* _REQUIRED ACTION_
Your job is to retype the records exactly while dropping every picture.

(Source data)
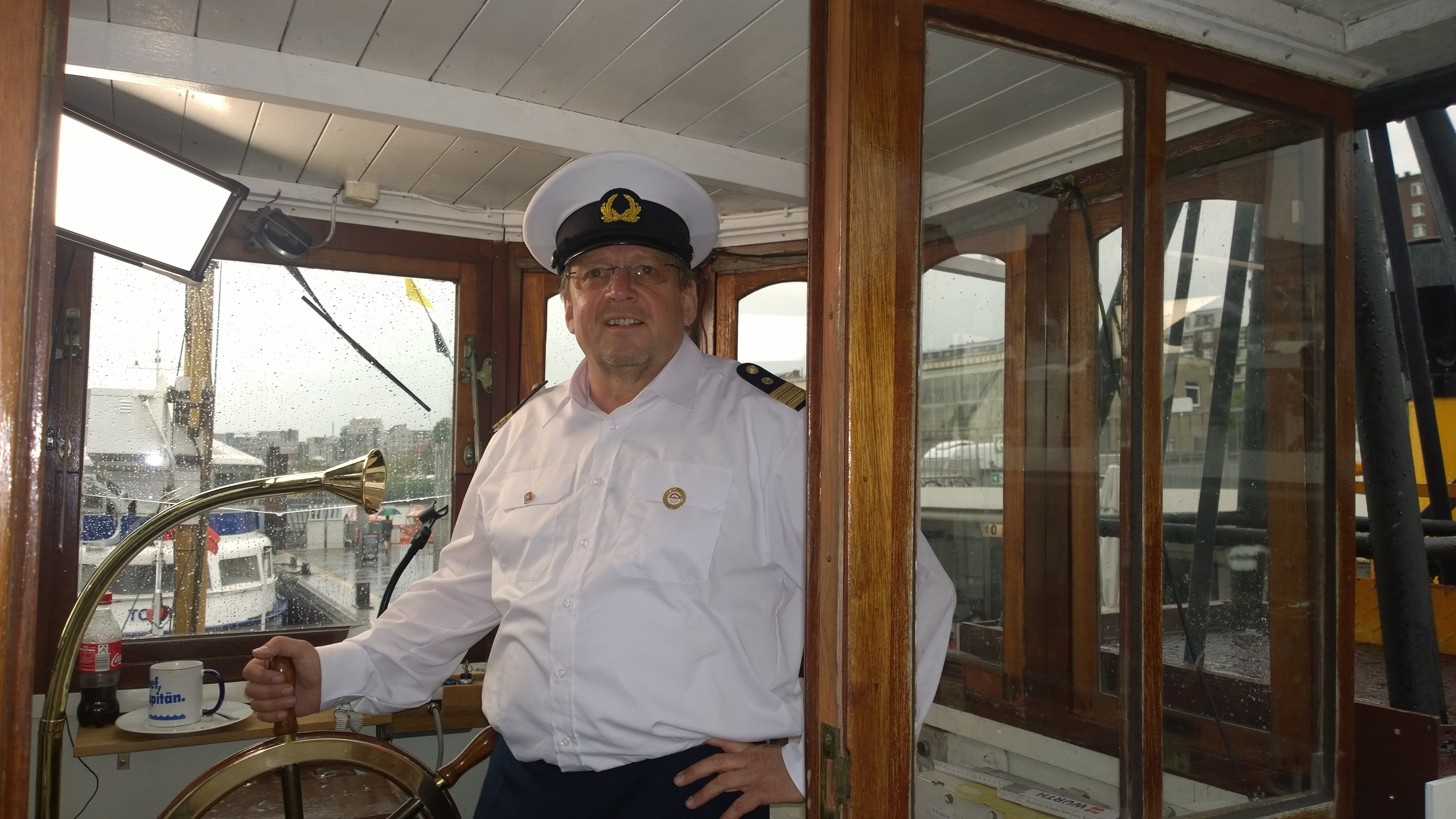 Paddle wheel steamer Kaiser Wilhelm - the captain on the bridge - Hamburg, in May 2017
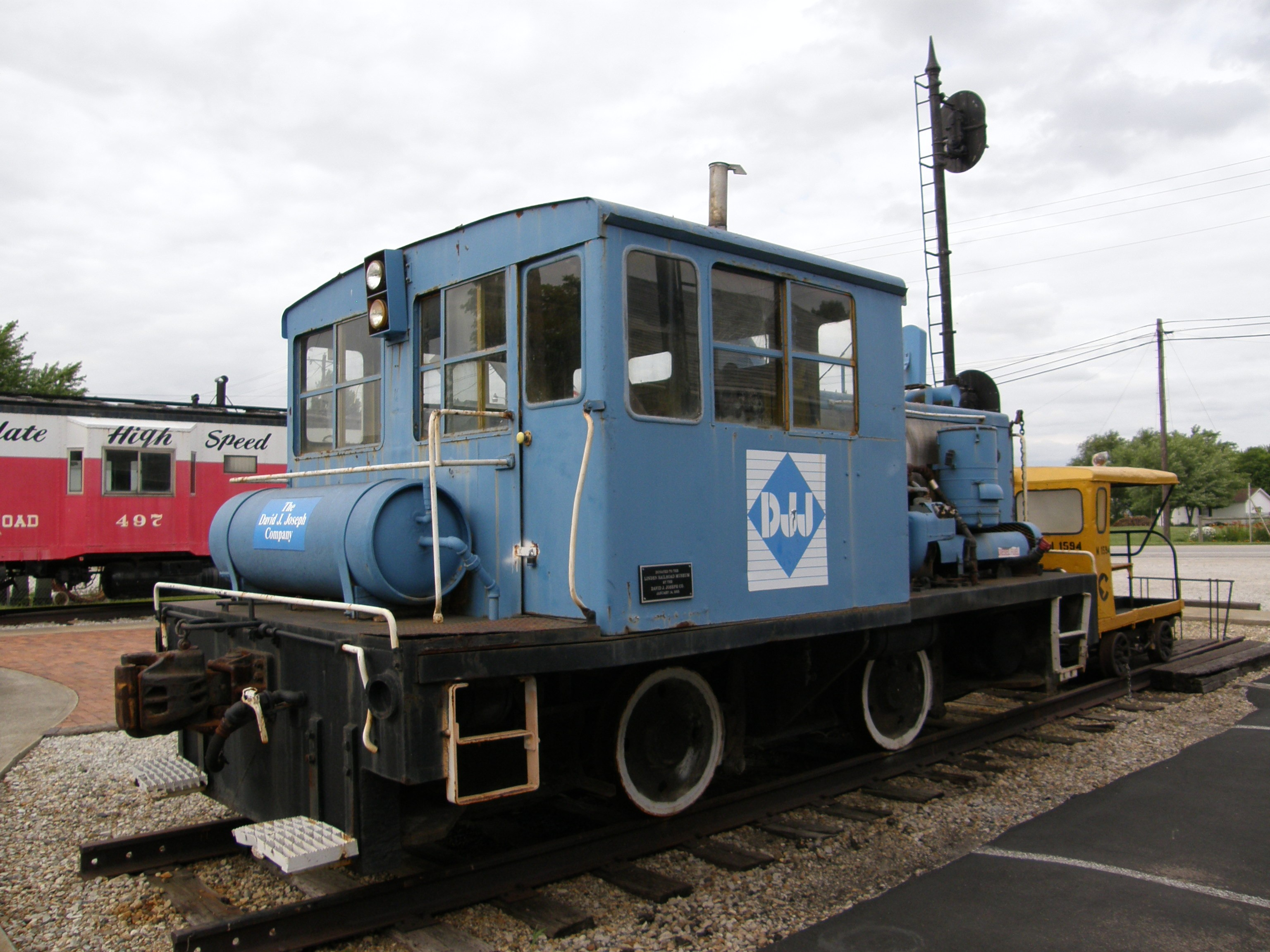 Linden Depot Museum ~ Located in Linden, Montgomery County, Indiana ~ 40 Ton Plymouth Locomotive Linden Depot Museum Homepage
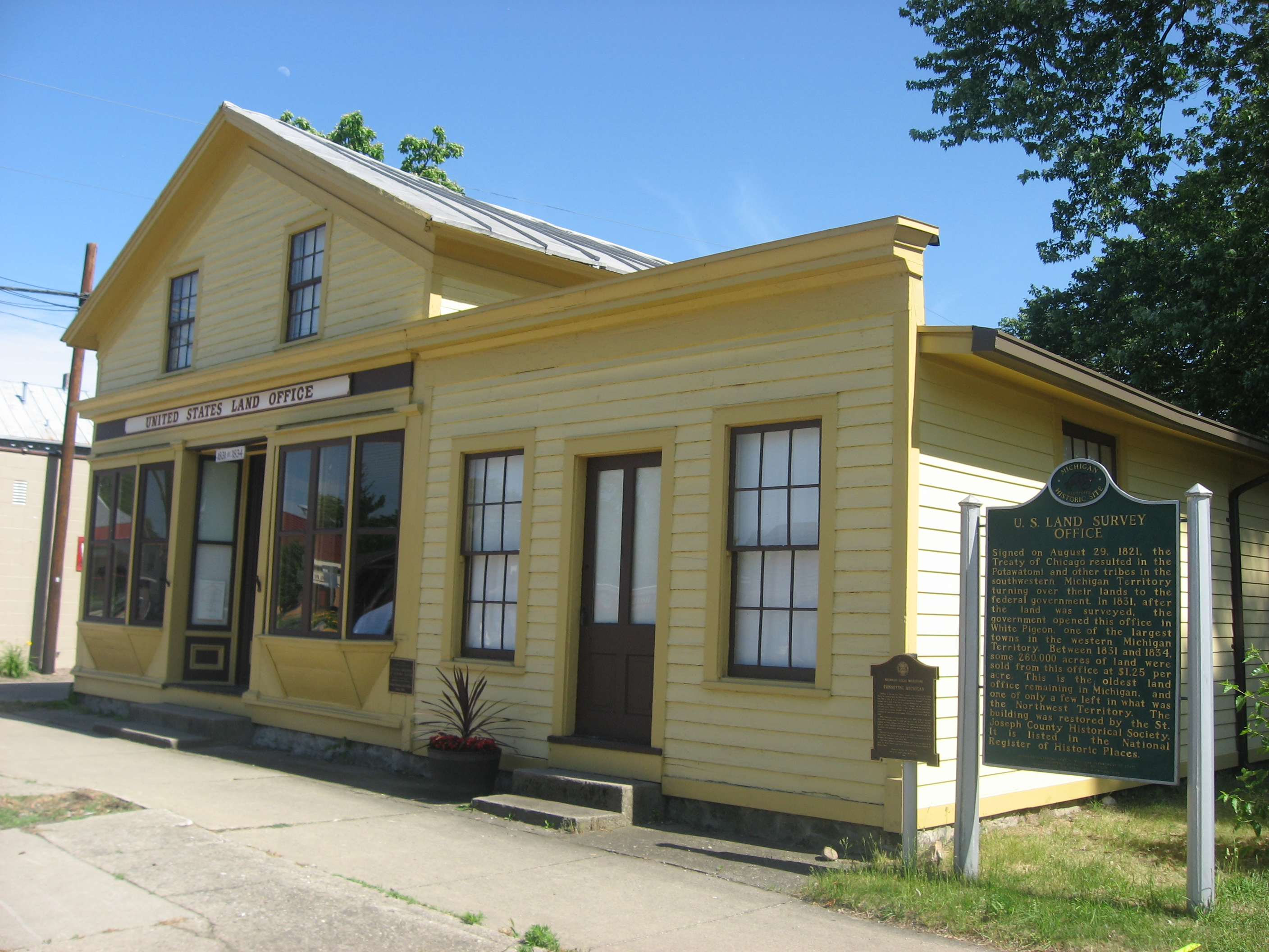 Front and western side of the Old US Government Land Office Building, located at 113 W. Chicago Road (U.S. Route 12) in White Pigeon, Michigan, United States. Built in 1831, it is Michigan's oldest extant federal land office and one of just a few remaining throughout the former Northwest Territory. It is listed on the National Register of Historic Places.
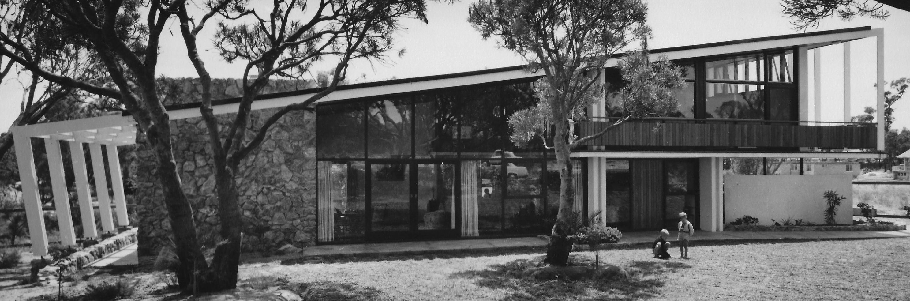 Shows south front of the Schmidt-Lademann House designed by Iwan Iwanoff and built 1958 by the German consul in Perth Floreat Park WA. Image was taken 1959 by Fritz Kos.
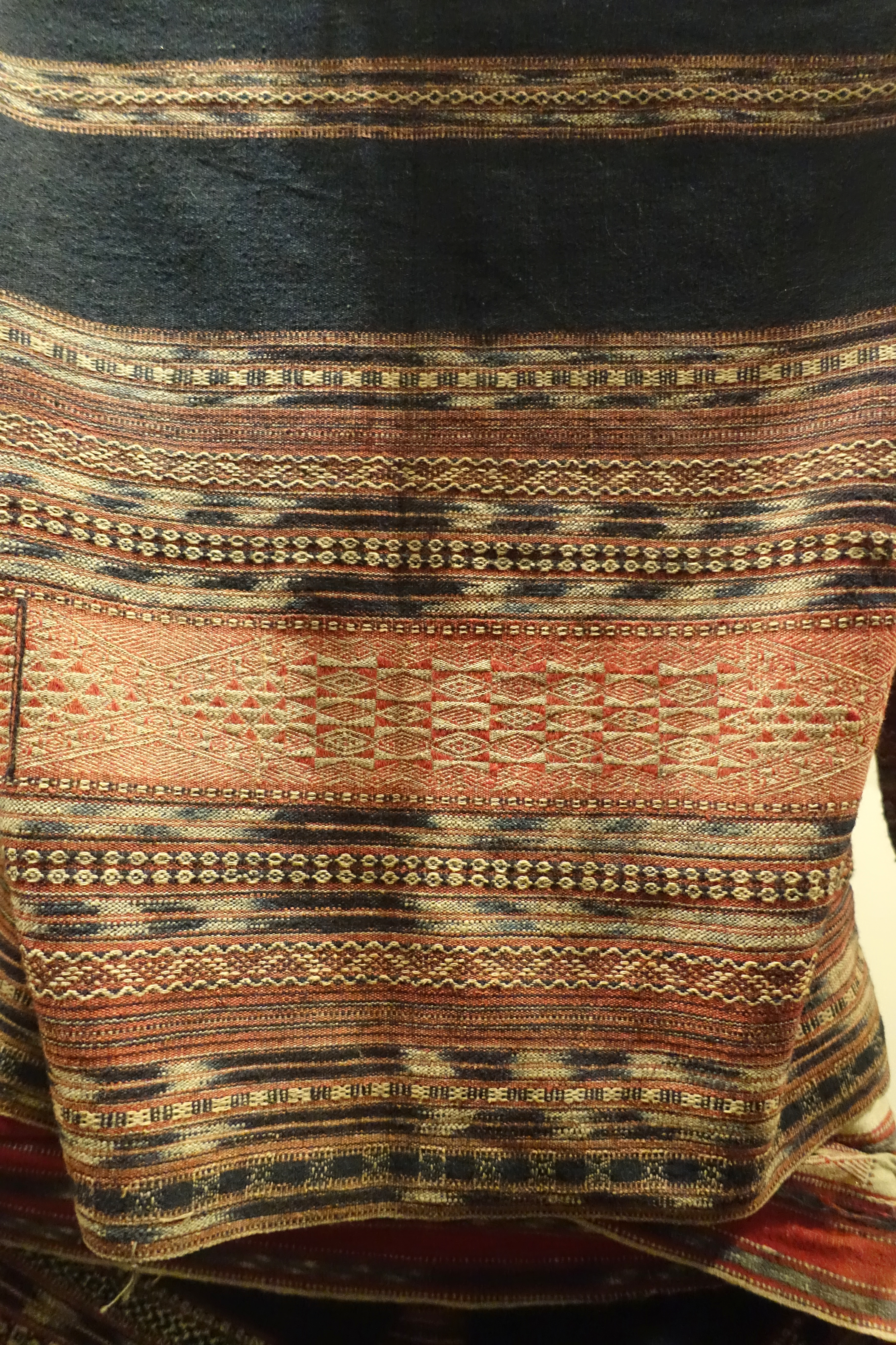 Exhibit in the Vietnam National Museum of Fine Arts - Hanoi, Vietnam. This artwork is old enough so that it is in the public domain.
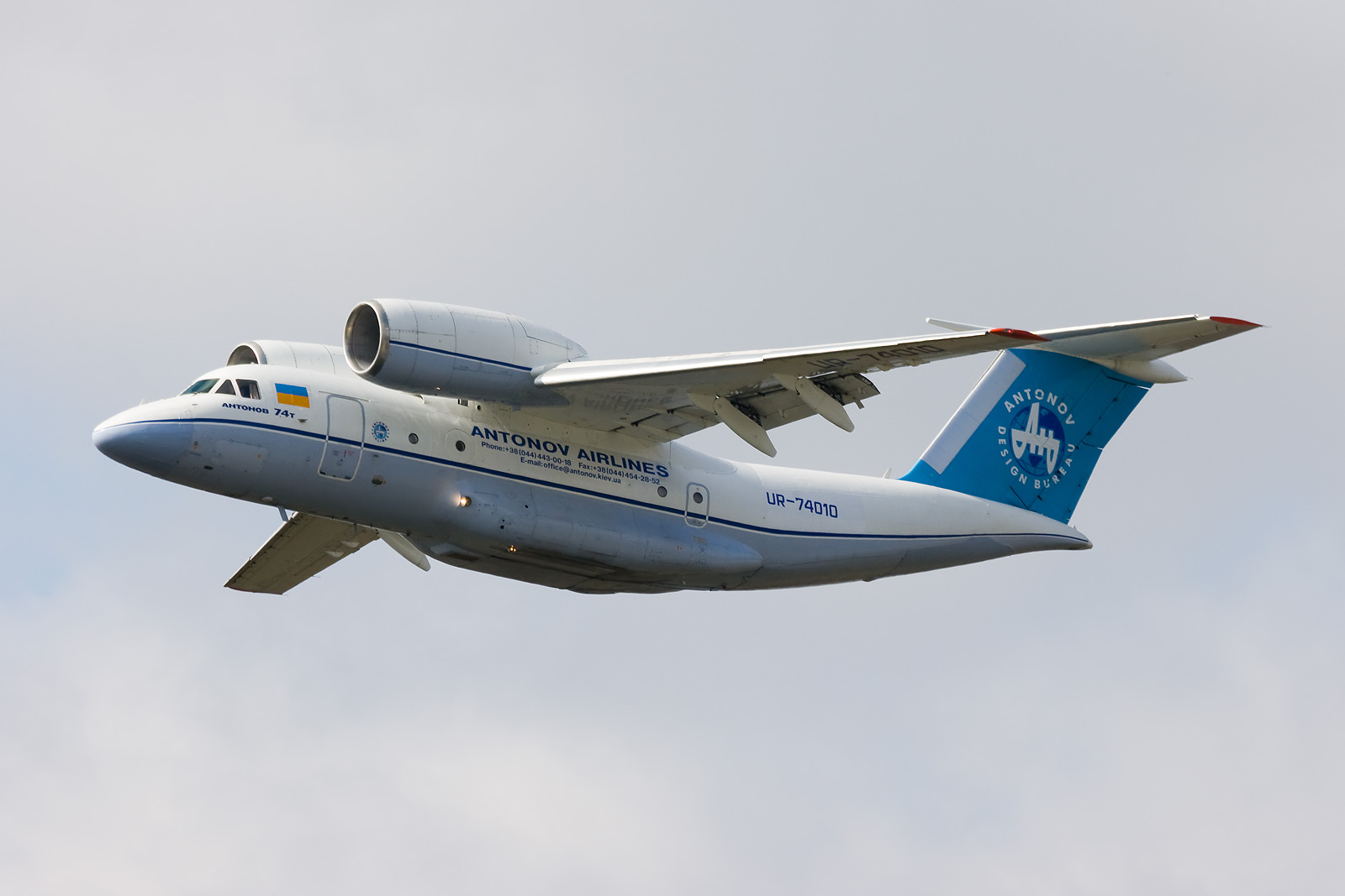 Antonov-An-74 at Gostomel airport (Antonov), Ukraine, September 2008
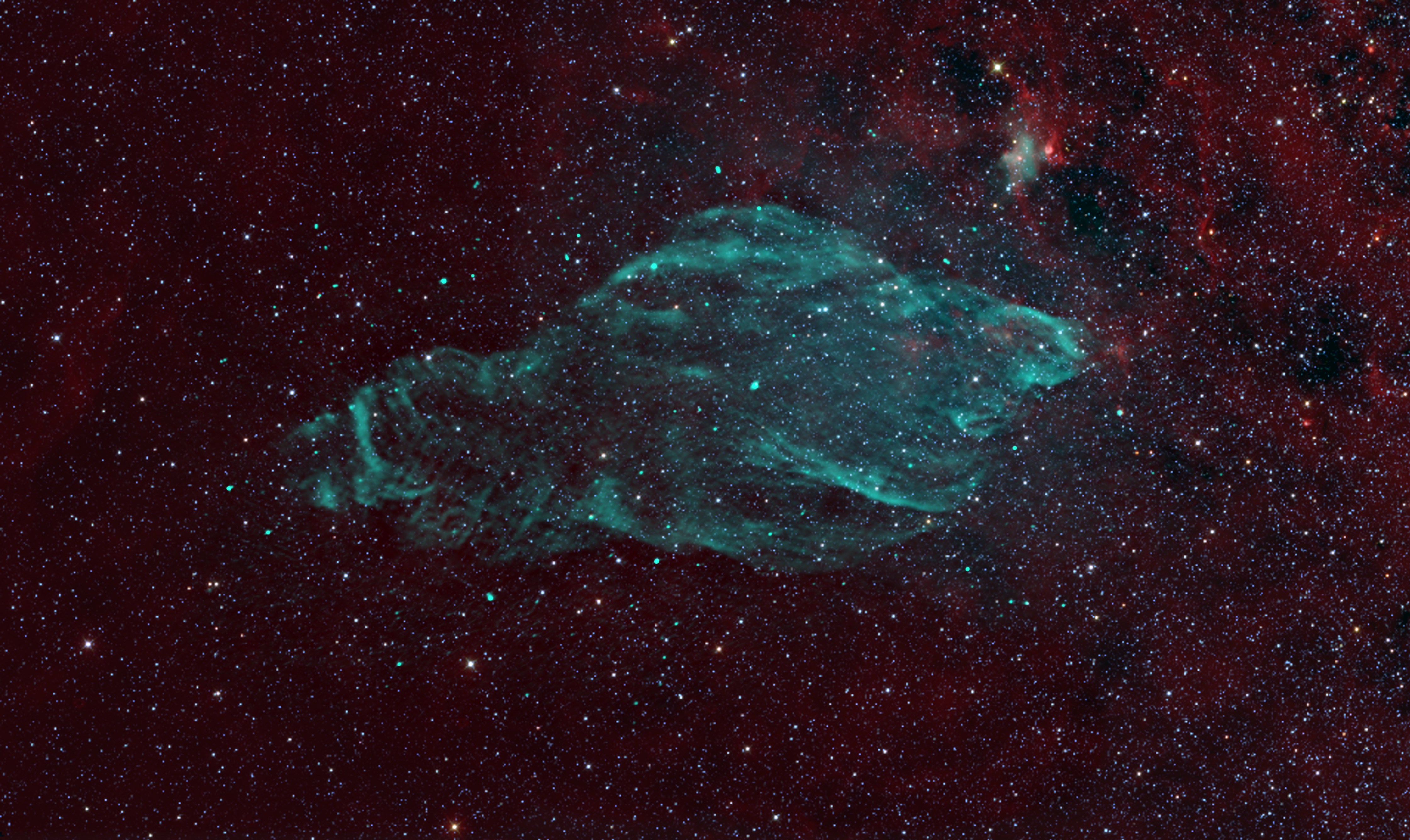 Radio image of supernova remnant W50 in green, with infrared background in red.
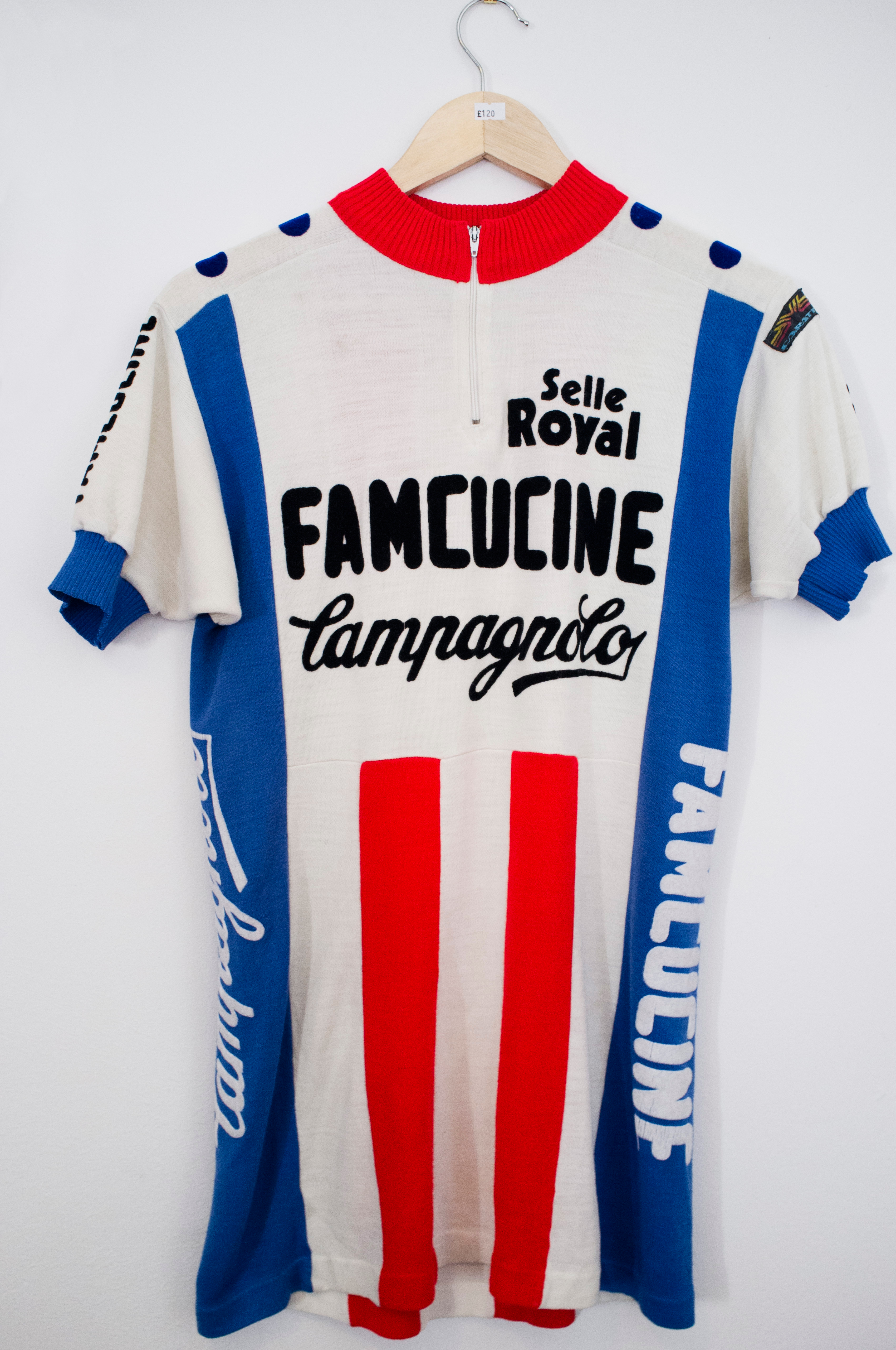 Vintage cycling jersey

* _TASK OUTPUT_
 Paddle wheel steamer Kaiser Wilhelm - the captain on the bridge - Hamburg, in May 2017
 Linden Depot Museum ~ Located in Linden, Montgomery County, Indiana ~ 40 Ton Plymouth Locomotive Linden Depot Museum Homepage
 Front and western side of the Old US Government Land Office Building, located at 113 W. Chicago Road (U.S. Route 12) in White Pigeon, Michigan, United States. Built in 1831, it is Michigan's oldest extant federal land office and one of just a few remaining throughout the former Northwest Territory. It is listed on the National Register of Historic Places.
 Shows south front of the Schmidt-Lademann House designed by Iwan Iwanoff and built 1958 by the German consul in Perth Floreat Park WA. Image was taken 1959 by Fritz Kos.
 Exhibit in the Vietnam National Museum of Fine Arts - Hanoi, Vietnam. This artwork is old enough so that it is in the public domain.
 Antonov-An-74 at Gostomel airport (Antonov), Ukraine, September 2008
 Radio image of supernova remnant W50 in green, with infrared background in red.
 Vintage cycling jersey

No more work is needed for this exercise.